The LBC1921 is a longitudinal study of cognitive ageing. All participants were born in 1921 and completed the Moray House Test (MHT) No. 12 assessment of general intelligence in the Scottish Mental Survey 1932 at a mean age of 11 years 14 , 18 . Their recruitment and re-testing in old age has been described previously 14 , 15 . Relatively healthy surviving participants of the Scottish Mental Survey 1932 were identified within Edinburgh and its surrounding area, the Lothians. A total of 550 individuals (234 men and 316 women) were recruited and tested at a mean age of 79.1 years (SD = 0.6) 15 . The LBC1921 participants were tested individually and completed a battery of cognitive tests: The Moray House Test No. 12 (MHT) 18 , Raven’s Standard Progressive Matrices 19 , Verbal Fluency 20 , and Logical Memory 21 . Participants also completed the National Adult Reading Test (NART) 22 . Following informed consent, venesected whole blood was collected for DNA extraction. Ethical approval for all projects was obtained from the Lothian Research Ethics Committee.

Lothian Birth Cohort 1936

The Lothian Birth Cohort 1936 (LBC1936) is a longitudinal study of cognitive ageing. All participants were born in 1936 and had completed the MHT in the Scottish Mental Survey 1947 at a mean age of 11 years 14 , 23 . Their recruitment and re-testing in old age has been described previously 16 . Relatively healthy surviving participants of the Scottish Mental Survey 1947 were identified within Edinburgh and its surrounding area, the Lothians. A total of 1091 participants (548 men and 543 women) were recruited and tested individually at a mean age of 69.5 years (SD = 0.8). The LBC1936 participants completed a large battery of cognitive tests 16 . For the purposes of the present study, only those tests relevant to the phenotypes analysed here are described. These are: the MHT, and a battery of cognitive tests consisting of 6 tests from the Wechsler Adult Intelligence Scale-III UK (WAIS-III UK [Ref. 24 ]): Digit Symbol Coding, Block Design, Matrix Reasoning, Digit Span Backwards, Symbol Search, and Letter-number Sequencing. Participants also completed the NART 22 . Following informed consent, venesected whole blood was collected for DNA extraction. Ethical approval for all projects was obtained from Scotland’s Multicentre Research Ethics Committee and the Lothian Research Ethics Committee.

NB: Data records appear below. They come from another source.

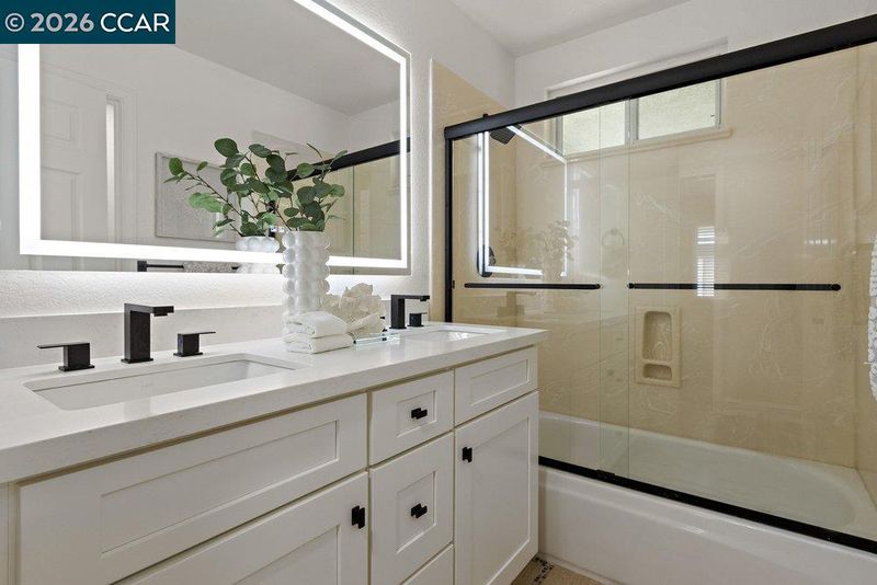 - Shower Over Tub, Stall Shower, Tile, Updated Baths, Double Vanity, Stone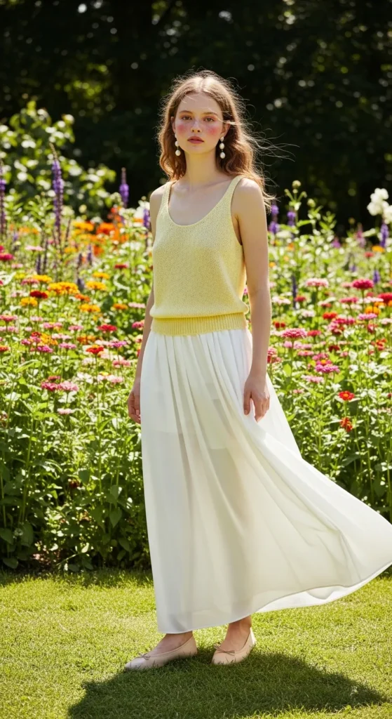 A pastel yellow knit tank paired with a breezy white maxi skirt creates a soft, dreamy summer look. The fitted knit texture balances the movement of the skirt, giving the outfit an elegant yet relaxed feel.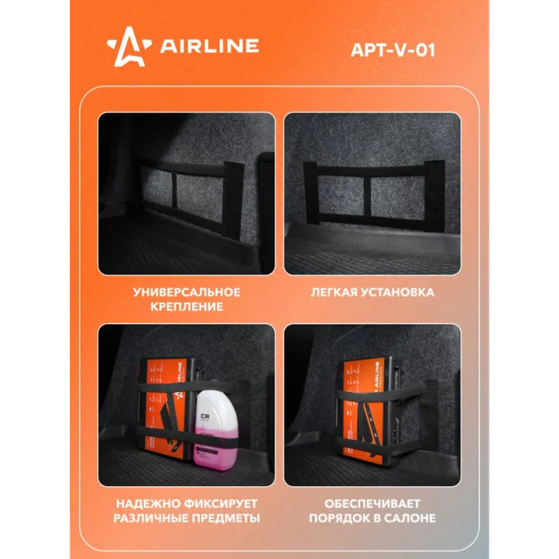 Карман в багажник на липучке с адаптером, универсальный (18*35 см) Описание: Карман в багажник на липучке APT-V-01 бренда Airline подходит для любых автомобилей с ворсовым покрытием. Дополнительный карман в багажник предназначен для фиксации различного рода предметов, таких как огнетушители малых объемов, баллончики автохимии, перчатки, салфетки и т.д. Основным преимуществом автомобильного кармана является, что что в нем можно хранить предметы в вертикальном положении. Карман в багажник легко устанавливается и не занимает много места. В комплекте прилагается два адаптера с двойным скотчем для автомобилей, не имеющих ворсового покрытия в багажнике. Преимущества: -Универсальное крепление; -Легко устанавливается и регулируется; -Надежно фиксирует различные предметы; -Обеспечит порядок в багажнике; Органайзер в автомобиль повысит уровень комфорта во время путешествий и ежедневных поездок, поэтому станет нужным полезным подарком автомобилисту, мужу, папе, бату, дяде, жене, маме, сестре, тете, коллеге. Этот аксессуар для машины - это универсальный подарок на любой праздник. Характеристики: Артикул: APT-V-01 Вид крепления: липучка, двойной скотч Длина, мм: 350 Высота, мм: 180 Тип корпуса: складной Место установки: салон, багажник Цвет: черный Размер: универсальный Количество молний: 2 Комплектация: Карман на липучке - 1 шт Адаптер - 2 шт ПЭ пакет с вкладышем - 1 шт Гарантия: от 1 года.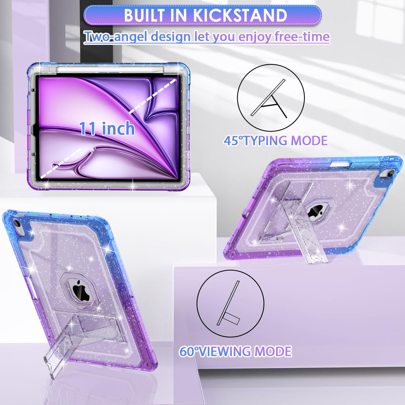 Zonefoker For Ipad Air 6Th 11 Inch M2 Generation Case 2024, Ipad 5Th/4Th 11-Inch 2022/2020, Purple Blue Glitter Slim Cover With Pencil Holder Heavy Duty Shockproof Protective Case With Kickstand For Kids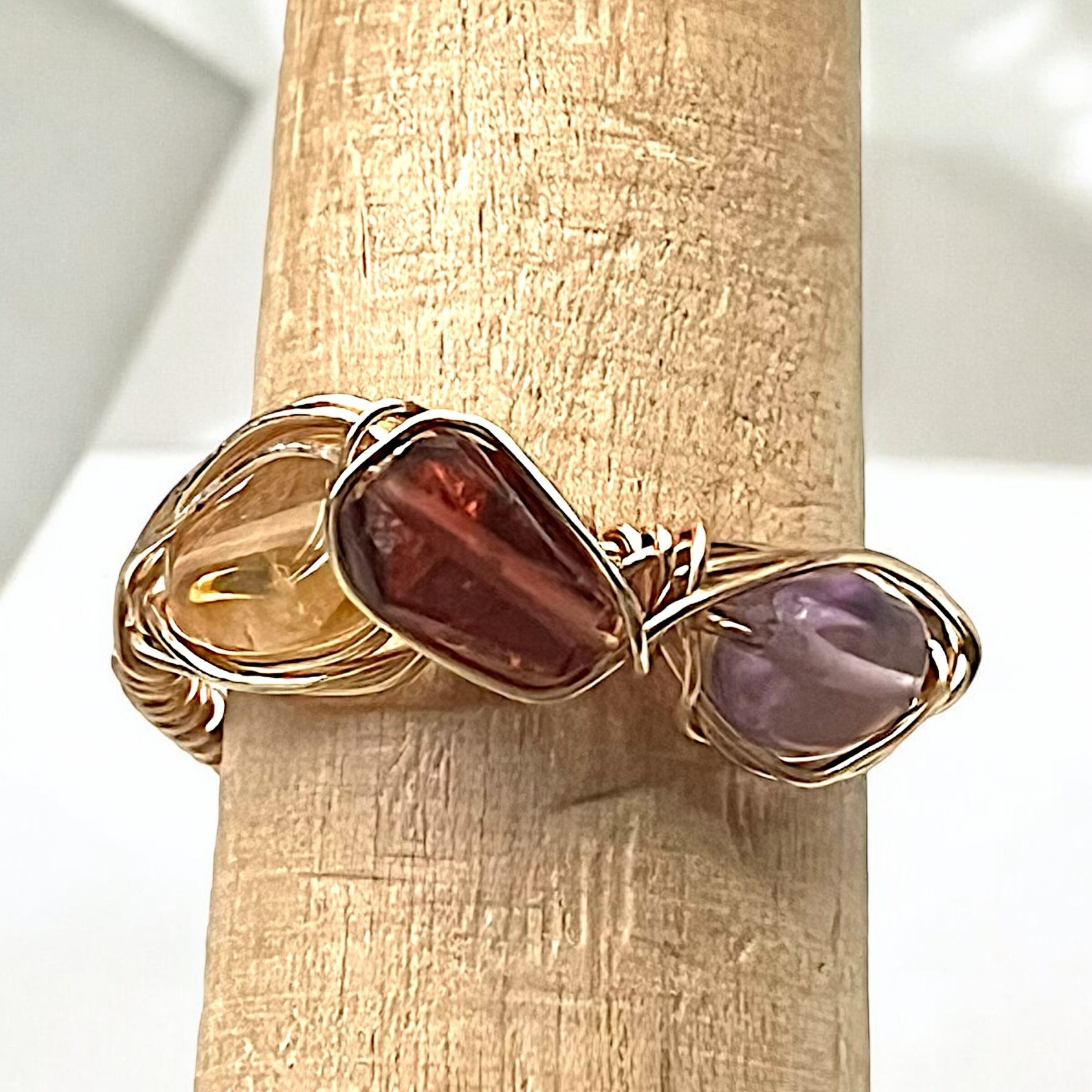 シトリン ガーネット アメジスト リング 天然石指輪 フリーサイズ

Aberdeen Birth Cohort 1936

The Aberdeen Birth Cohort 1936 (ABC1936) is a longitudinal study of cognitive ageing. All participants were born in 1936 and had completed a version of the MHT test of general intelligence in the Scottish Mental Survey 1947 at mean age 11 years 14 , 23 . Their recruitment and re-testing in old age has been described previously 14 , 15 . A total of 498 relatively healthy participants (243 men, 255 women) was traced and tested at mean age 64.6 years (SD = 0.9). The cognitive tests carried out were: the NART 22 , Raven’s Standard Progressive Matrices 19 , the Rey Auditory Verbal Learning Test 20 , Digit Symbol and Block Design sub-tests of the Wechsler Adult Intelligence Scale-Revised 25 , and the Uses of Common Objects Test 22 . Following informed consent, venesected whole blood was collected for DNA extraction. Ethical approval for all projects was obtained from the Grampian Research Ethics Committee.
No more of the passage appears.